KhristOpsomo is a Christmas cake made from butter yeast dough, with oil, wine, spices, rose water, and nuts. The cake is decorated with a cross and ornaments, and a whole, in-shell walnut is inserted into the center. This “Bread of Christ” is one of the main symbols of Christmas, and sometimes its dried pieces are stored for a whole year.
The Christmas table is not complete without ripe pomegranates, symbolizing fertility, nuts, and dried fruits.
Greetings on Christmas and New Year in Greek:
Merry Christmas and Happy New Year! — kahlAH khristOOyena kye ehftihizmEHnos oh kehnúrios khronos!

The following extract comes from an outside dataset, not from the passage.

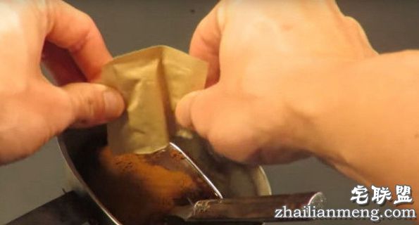 虽然没有找到153年前的咖啡来配饼干,但是小哥还是找了30年前的即溶咖啡粉,他直接把咖啡粉倒进水里搅拌
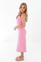 This chic pink midi dress is serving effortless elegance with a touch of playfulness! The soft, body-hugging fit flatters every curve, while the pearl-trimmed neckline adds just the right amount of charm. Perfect for brunch dates, summer strolls, or whenever you want to turn heads with minimal effort!

Happy New Year! — kahlEE protokhroniYA!
Merry Christmas! — kahlAH khristOOyena!
May your life be long! — khrOHniya polA!
Happy Holidays! — kahlEHs eeyortEHs!
May the New Year bring you everything you want! — OHti epiphimEEce sto nEoh EHtos na to vris!
Fasolada Bean Soup
Another fast soup popular on the island is made of beans and called fasolada. As in the previous recipe, beans are soaked for the night, but to make fasolada Cypriots also cover them with boiling-hot water. Then mushy beans are stewed with vegetables and tomato paste.
Dry beans: 500 gr
Celery: 3 stalks
1 chili pepper
Garlic: 2 cloves
1 large red onion
Olive oil: 2 tablespoons
Vegetable broth: 600 ml
Salt, pepper, coriander: to taste
Chop all the vegetables finely and roast them in a pan, beginning with onions. Add vegetable broth and previously parboiled, slightly tender beans. Simmer for 15 minutes. Towards the end of cooking time add salt, pepper, and spices. Then whisk the soup in a blender.
Lenten Apple Mat
flour: 2 cups
sugar: 1 cup
water: 1 cup
vegetable oil: 0.5 cups
green apples: 3
honey: 2 tbsp.
salt: 1 pinch
cinnamon: 1 tsp.
soda, quenched with lemon juice: ½ tsp.
Mix sugar, water, and vegetable oil, and heat up a little. Then add 2 tablespoons of honey, and thoroughly stir the resulting mixture with a whisk. Add cinnamon and a pinch of salt to the pre-sifted flour. Add the honey-sugar mixture, chopped walnuts (about ½ cup) and soda to the flour. Mix well, and pour the dough into the mold, topping with peeled apples, cut into slices. Bake at 200°C for 35 minutes.